В другом своём письме о. Всеволод сообщает:

«Иоанн «зубрит» так, что небу жарко!.. Занятия у него кончились. От экзаменов  освобожден. Но так как всё же мы не теряем надежду, что когда-нибудь он будет учиться в нашей школе (имеется в виду Россия – примечание автора), то, чтобы повторить материал, он сам захотел держать все экзамены… за три последние класса, за три последние года. И вот, с пяти часов утра дверь в его комнату закрыта, и только изредка оттуда слышатся этюды Черни*, или Дюсека*, или Бертини*, когда алгебра или химия, элегантно выражаясь, из носа лезет. Даже «братик» - велосипед заброшен…»

После небольшой поездки отца Всеволода в Москву в 1948 году и его знакомства со столичным семейством, начинается переписка и у сына батюшки - Ивана. Глядя на  фотографию своей очаровательной кузины - дочери Натальи Дмитриевны Шпиллер, тринадцатилетний мальчик, включая воображение, переносится в московский дом, сидит в столовой под их уютным абажуром, шагает с девочкой по улицам. Вот что он сообщает своему доверенному и далёкому собеседнику:

 

 

24 октября 1948 г.

г. София.                                            

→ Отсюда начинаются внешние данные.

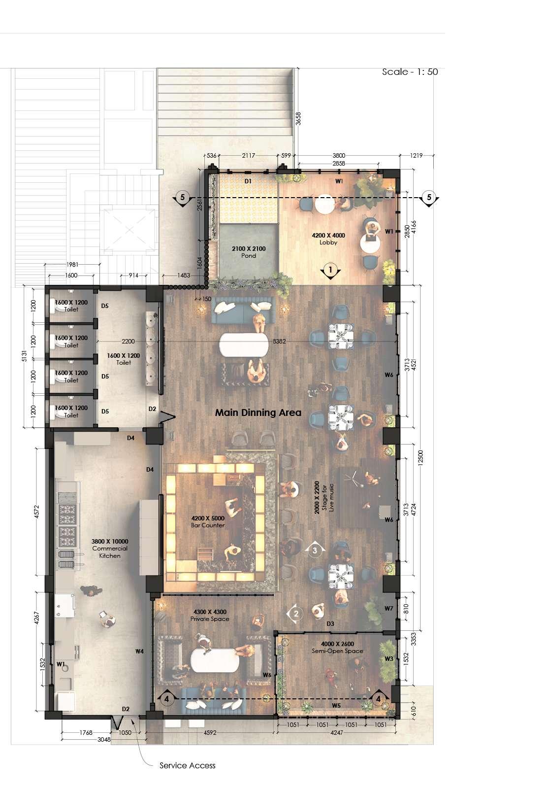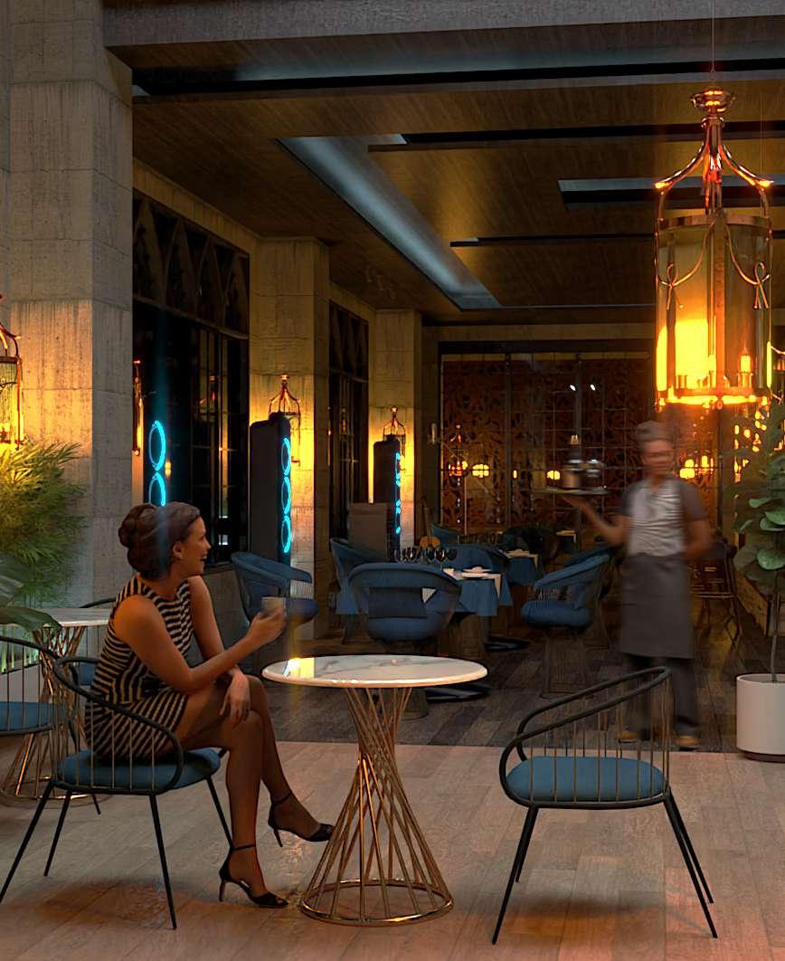The cafe/restaurant is located in Mangaluru city, the requirements presented for the design was to create an ambient environment with a dark theme, but by using pastel colors. The client wanted to include a small water body in the cafe and have a sense of openness and not have any form of separation at the same time maintaining a sense of privacy. The client also wanted to integrate nature and live music into the design and specifically requested for arched openings.
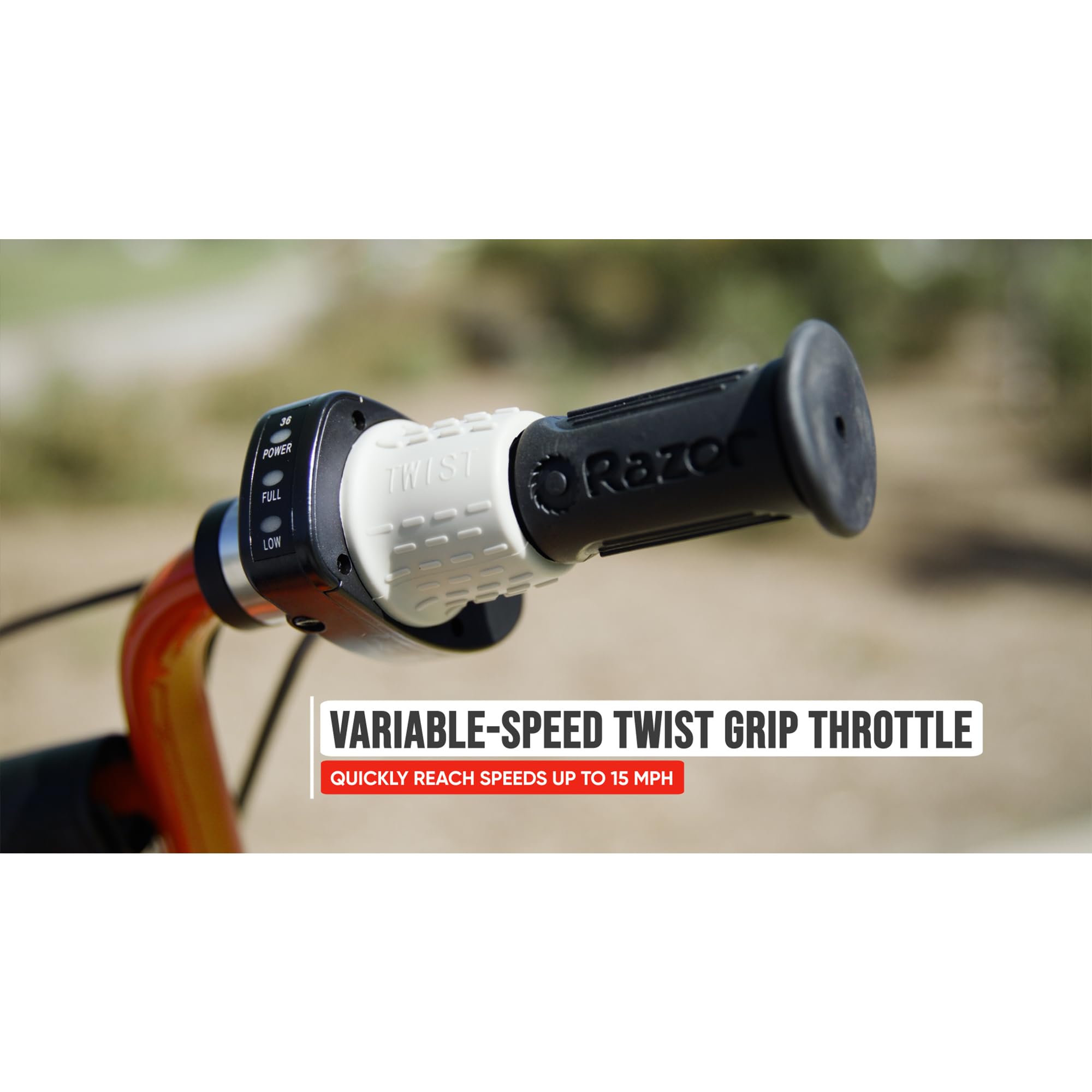 Amazon.com Essentially a scaled-down motocross bike with an electric motor, the Razor MX500 Dirt Rocket is ideal for teens who want to enjoy the dirt bike experience without breaking the bank. The Dirt Rocket's powerful 500-watt motor carries riders at speeds of up to 17 miles per hour--more than enough for most bumpy dirt trails--and can cruise for up to 10 miles on a single charge. At the same time, the bike's dual suspension and riser handlebars deliver a smooth and comfortable ride regardless of the terrain, so your teen's fun isn't restricted to flat pavement. As a final bonus, the Dirt Rocket's variable-speed, chain-driven motor is extremely quiet, a marked contrast to traditional gas-powered motocross bikes. Other details include large pneumatic knobby tires for a maximum power transfer, authentic dirt bike frame geometry, a retractable kickstand, and a double-crown fork. The MX500, which requires roughly eight hours to fully charge, is recommended for ages 14 and over and offers a maximum weight limit of 175 pounds. It's also backed by a 90-day warranty. Product Description Unleash your inner motocross champion with the Razor MX500 Dirt Rocket Electric Bike! Designed for riders 14 and up, this powerful electric bike delivers speeds up to 15 mph (24 km/h), making it perfect for thrill-seekers and outdoor enthusiasts alike. Imagine zipping through trails and conquering rough terrain with ease, thanks to its durable steel frame, dual suspension system, and large pneumatic knobby tires that ensure a smooth and comfortable ride. Built to withstand the demands of off-road riding, this bike features a high-torque, chain-driven motor for quiet yet powerful operation. Hand-operated dual disc brakes provide precise control and safety in any situation. The rechargeable 36V (three 12V) battery (charger included) offers up to 40 minutes of continuous ride time, allowing plenty of opportunity to explore and enjoy the great outdoors. With a weight capacity of up to 175 lbs, the MX500 accommodates a wide range of riders seeking the thrill of motocross. Adjustable riser handlebars and soft rubber grips ensure a comfortable riding position, promoting control during long rides. The bike's authentic motocross frame geometry and shatter-resistant plastic fairings enhance durability while giving it a sleek, sporty appearance that turns heads wherever you go. Whether navigating dirt paths or cruising around the neighborhood, it blends functionality with eye-catching design for an unforgettable riding experience. Whether you're a seasoned rider or just starting out, this dirt bike promises endless excitement and adventure. Discover why Razor continues to be a trusted name in outdoor electric vehicles and elevate your riding experience with the MX500 Dirt Rocket.
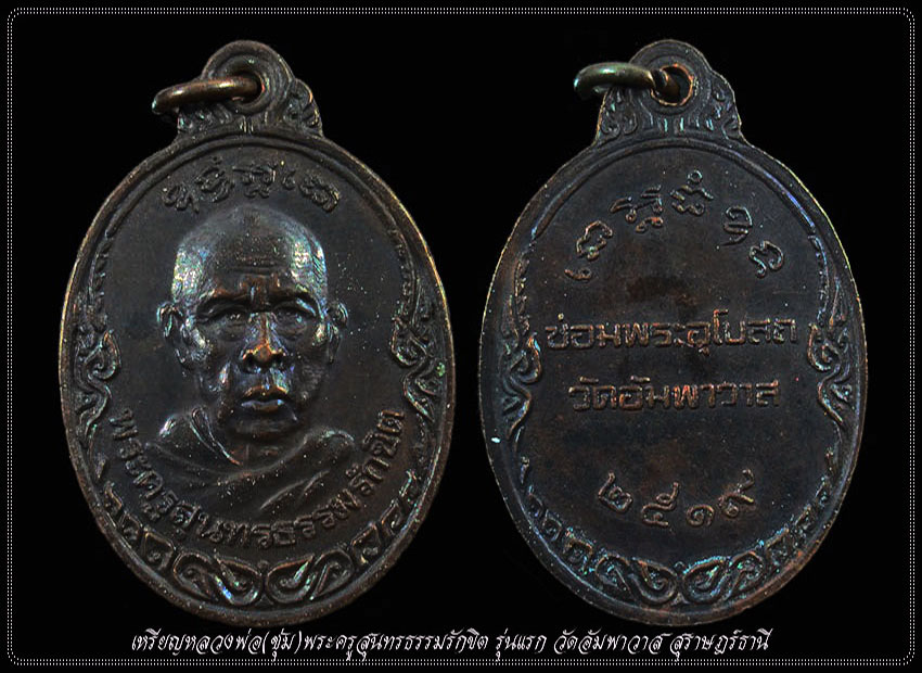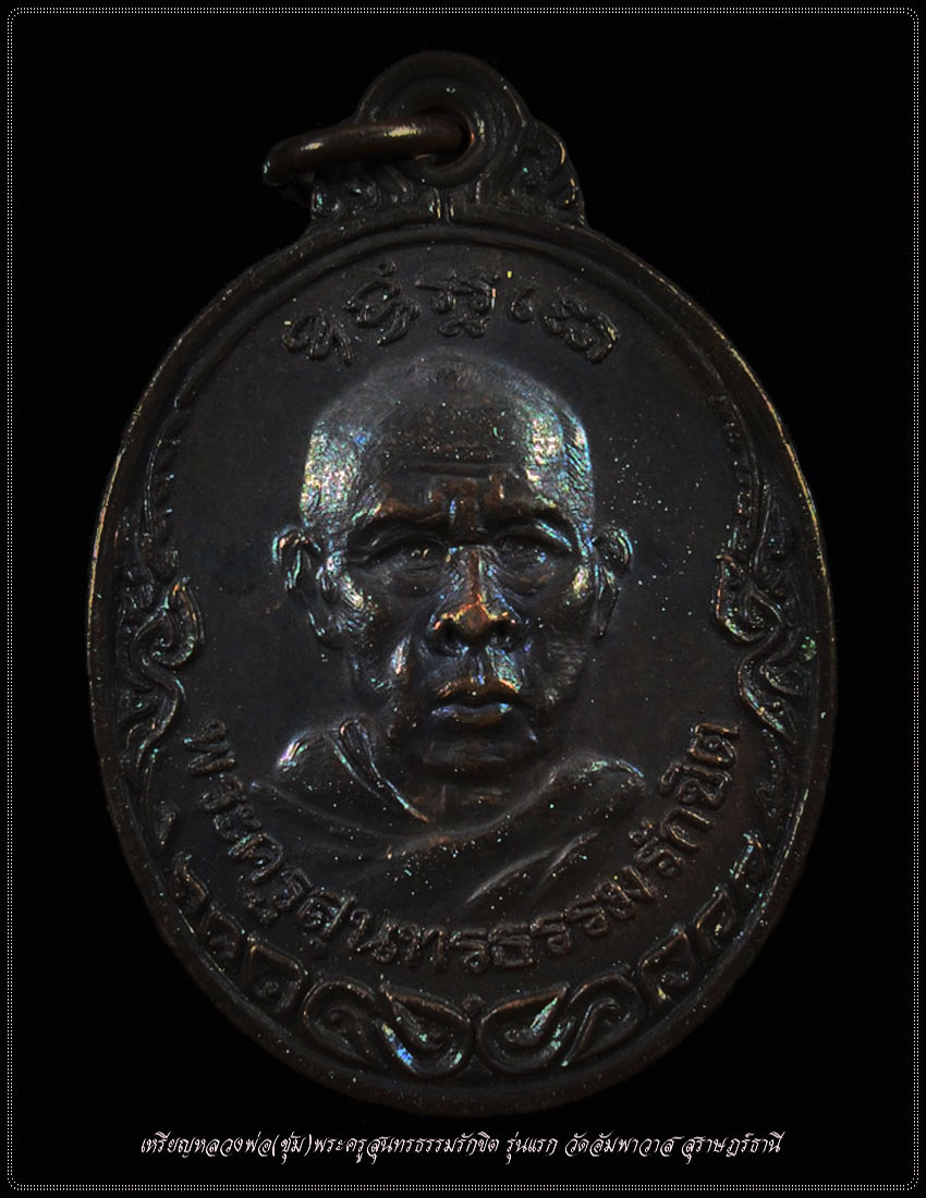 เหรียญหลวงพ่อพุ่ม วัดตรณาราม รุ่นแรก สุราษฎร์ธานี(รมดำ)
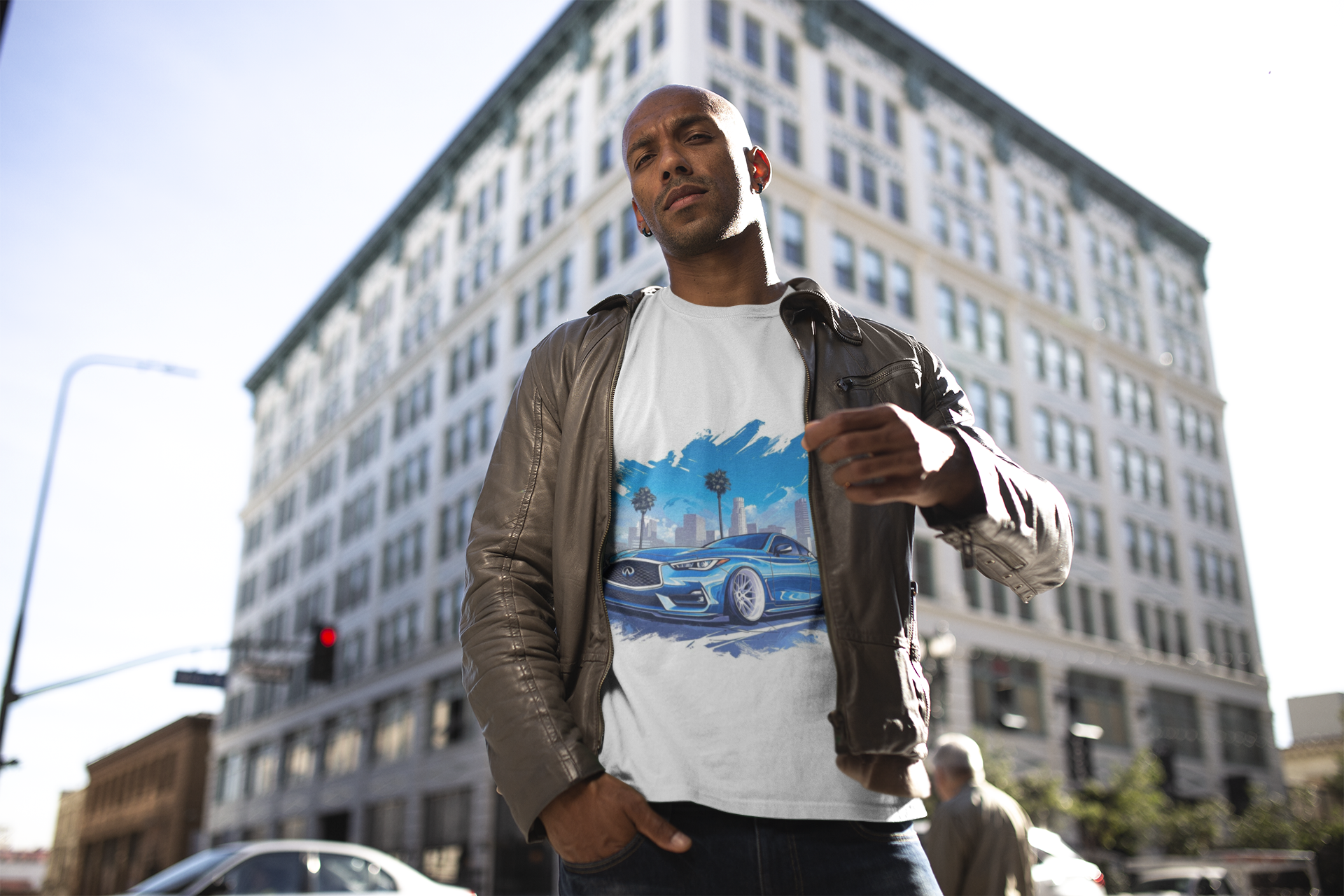 Upgrade your street style with this Blue Skyline Street t-shirt, featuring a sleek modified sports car set against a modern city skyline and palm trees.
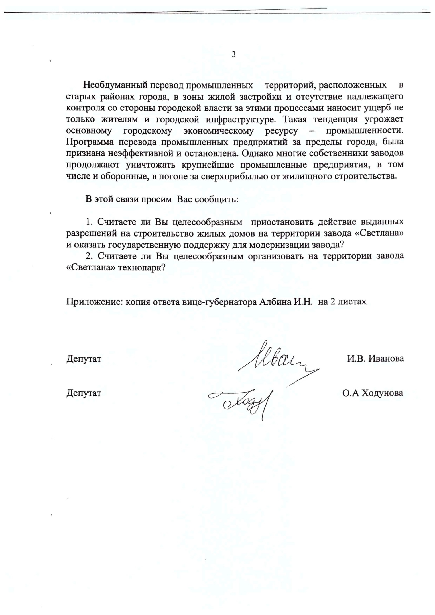 1. Считает ли он целесообразным приостановить действие выданных разрешений на строительство жилых домов на территории завода «Светлана» и оказать государственную поддержку для модернизации завода?
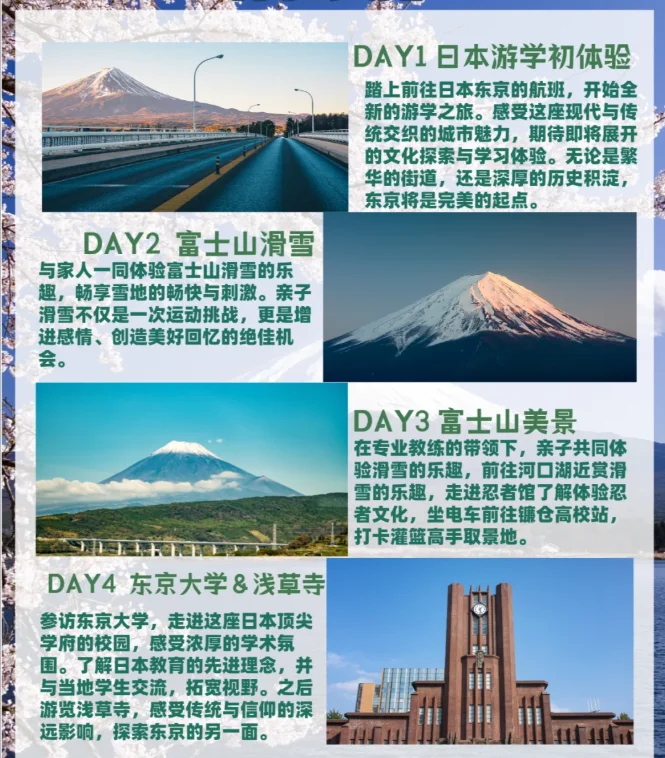 🔹东京大学 🔹富士山滑雪场 🔹富士山五合目 🔹浅草寺
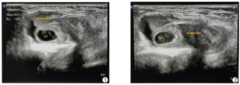 超声检查是诊断各种类型疝的首选检查方法,优于其他影像学检查,准确性和敏感性较高。高分辨力超声能明确疝内容物的性质,提示疝内肠壁有无水肿、穿孔,周围有无渗出、粘连等重要信息,利于临床选择合理的治疗方法。Littre疝超声表现有以下特点:①疝囊内可见一段异常肠袢,呈具有盲端的管状结构,一端与回肠相连;②疝囊内除异常肠袢外,可伴或不伴其他肠管;③异常肠袢位置固定,黏膜层、肌层及浆膜层不同程度的增厚,肠壁回声减低,边界模糊,考虑伴发憩室炎;④异常肠袢腔内张力减低,壁连续性中断,周围可见无回声液区,考虑伴发憩室穿孔。
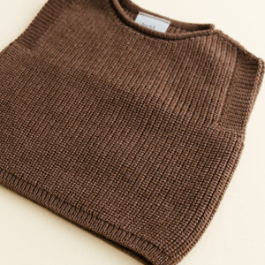 Handgestrickter und nahtlose Strick-Weste "Mocha" aus 100% feinster italienischer Merinowolle. Es wird nahtlos gefertigt und ist vielseitig kombinierbar.
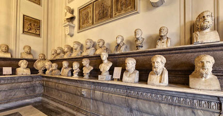 La disposizione della raccolta dei ritratti di filosofi e letterati greci e romani, tanto amati dai romani per la decorazione di edifici pubblici e privati, ripropone quella della Sala degli Imperatori.
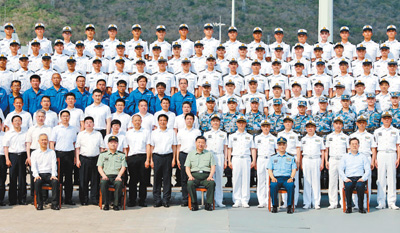 中央和国家机关有关部门、军委机关有关部门、海军、海南省以及舰艇科研生产单位的负责同志参加交接入列仪式。

Иван Шпиллер – кузине Марии Кнушевицкой.*

 

 

«Дорогая Мирра!

Поздравляю Тебя с днём рождения и желаю Тебе от сердца всего-всего самого наилучшего.

 Твоё письмо значительно опоздало: я его получил 18 числа!

 У меня, Мирра, тоже нет настоящего друга, и мне очень хочется, чтобы мы были настоящими друзьями и делились бы всем тем, что у нас есть. У меня много товарищей, и мне кажется, что причиной неимения настоящего друга, есть несходство в интересах.

Ты спрашиваешь, люблю ли я музыку и театр. Очень люблю. Из композиторов  люблю больше всех Бетховена, Моцарта, Чайковского, Шопена. А из малого числа опер, которые я слышал, люблю больше всего «Онегина».

Я вспомнил, читая Твой адрес, то место из «Войны и мир», когда Ростовы увидели Пьера, не далеко от Сухаревской башни, идущего покупать пистолет. Помнишь?! Напиши мне, пожалуйста, что Ты читаешь и читала, что Тебе больше всего понравилось, что Ты любишь больше всего? Как Ты учишься, и какой Твой любимый предмет?

Знаешь, Мирра! Мне так хочется переехать в Советский Союз! Я его считаю своим Отечеством, хотя я там не родился! Мне так хочется говорить на своём языке, быть совсем у себя дома, быть близко около всех – Бабушки, Сестры, Тёти, Дяди…около своих настоящих, таких близких, родных!

Обними и поцелуй крепко от меня Бабушку, Тётю Нату и Дядю Света! Бабушку поблагодари за письмо.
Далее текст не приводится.